There is a long-standing tendency to reduce the Christian faith to ethics. In Christology this shows up when we see Jesus primarily as teacher. As a teacher – in fact The Great Teacher – Jesus gives us the information we need (through his words) and the model we need (through his actions) to do what is good and right. The fact that he died (was crucified as a criminal, a rebel against the instituted order) is illustrative of how the world has unethical tendencies and doesn’t want to hear how to live rightly.
This is not the version of the Christian faith that I teach and preach. As an ethical teacher, there is little or nothing about Jesus that stands out. His teaching on the good life – no the expectations God has for humans – is in line with what we read in the Old Testament. Jesus was thoroughly Jewish in this regard (recognizing, of course, that then as now, there are multiple ways of being Jewish).
Instead of seeing Jesus primarily as teacher (that word primarily is important, since Jesus is undeniably – and importantly! – a teacher), the Christian tradition proclaims Jesus as God become human, one of us. As one of us he entered our life fully, took on our sin and brokenness, defeating both in his crucifixion and resurrection.
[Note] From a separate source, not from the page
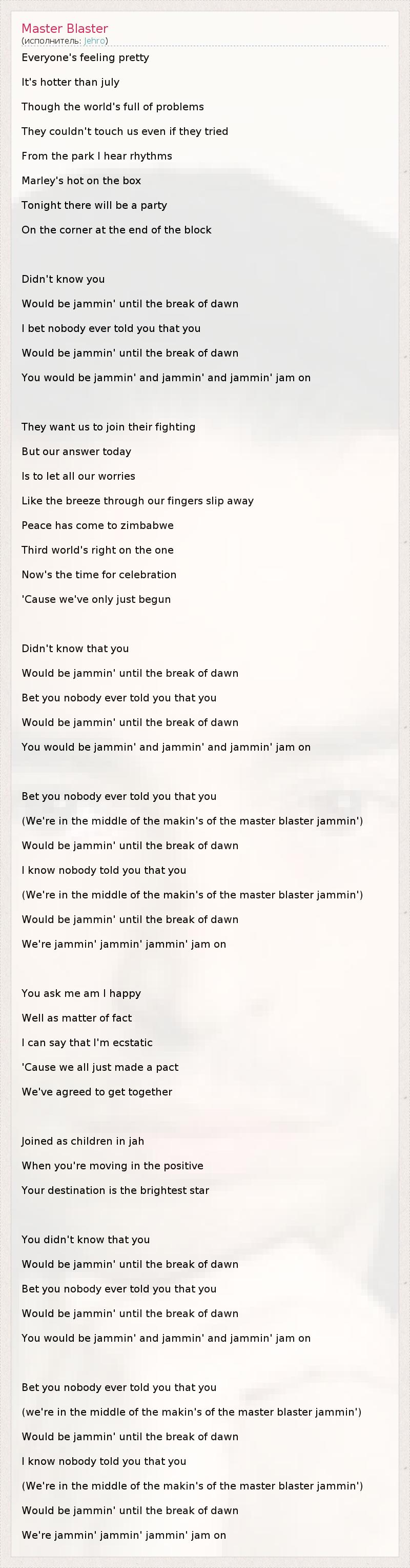 Everyone's feeling pretty It's hotter than july Though the world's full of problems They couldn't touch us even if they tried From the park I hear rhythms Marley's hot on the box Tonight there will be a party On the corner at the end of the block Didn't know you Would be jammin' until the break of dawn I bet nobody ever told you that you Would be jammin' until the break of dawn You would be jammin' and jammin' and jammin' jam on They want us to join their fighting But our answer today Is to let all our worries Like the breeze through our fingers slip away Peace has come to zimbabwe Third world's right on the one Now's the time for celebration 'Cause we've only just begun Didn't know that you Would be jammin' until the break of dawn Bet you nobody ever told you that you Would be jammin' until the break of dawn You would be jammin' and jammin' and jammin' jam on Bet you nobody ever told you that you (We're in the middle of the makin's of the master blaster jammin') Would be jammin' until the break of dawn I know nobody told you that you (We're in the middle of the makin's of the master blaster jammin') Would be jammin' until the break of dawn We're jammin' jammin' jammin' jam on You ask me am I happy Well as matter of fact I can say that I'm ecstatic 'Cause we all just made a pact We've agreed to get together Joined as children in jah When you're moving in the positive Your destination is the brightest star You didn't know that you Would be jammin' until the break of dawn Bet you nobody ever told you that you Would be jammin' until the break of dawn You would be jammin' and jammin' and jammin' jam on Bet you nobody ever told you that you (we're in the middle of the makin's of the master blaster jammin') Would be jammin' until the break of dawn I know nobody told you that you (We're in the middle of the makin's of the master blaster jammin') Would be jammin' until the break of dawn We're jammin' jammin' jammin' jam on

In his resurrection Jesus is declared to be LORD. Jesus, not abstract moral principles (or categorical imperatives) are the highest authority in our lives.
But I want to address a peripheral issue here.
In the run up to the late 20th century Christians in the west have had success after success. We’ve not only pushed for expansions of education, health care, and human rights (to name some of the big areas), we’ve convinced the government to see these as goods – and as the job of government to bring about. We’ve succeeded!
Or have we? Surely it is a success when we have convinced the government, with its power of coercion, monopoly on the legitimate us of violence, and the ability to create money out of thin air, to do what we think is good. Where the church was weak, through being limited to convincing people & institutions to do The Right Thing, the State has the power to make these things happen.
Because we’ve had this great victory, the church in the west is stronger than ever, right?
Well, not so much. In our push to center on ethics, we’ve tended to reduce the faith to ethics, to doing The Right Thing, to Transforming the World. We’ve let the so-called religious aspects of the faith fall by the wayside as divisive or inconsequential. All we have is ethics, doing The Right Thing and Transforming the World. But the omnicompetent state has taken over those jobs. Sure, we can cheer the State on, maybe nudge them a bit from time to time (if anyone is listening), but in our reduction of the faith to ethics, AND our success in passing the big social ethical duties on to the State, the church is left with nothing to do, nothing to define it. Who needs church – with its archaic texts, ancient bigoted and repressive moral remnants, and its demand that we forsake sleep and fun to go to boring “worship services?” This so-called success is the story of the church abetting in its own marginalization through secularization.
At some point, we need to get back to Jesus – not just the ethical teaching we (selectively) love, but the Jesus who inaugurated the kingdom of God and lives and reigns as Lord. This doesn’t mean forsaking ethics, or turning from doing The Right Thing. It means putting those good things in their place, under Jesus’ feet.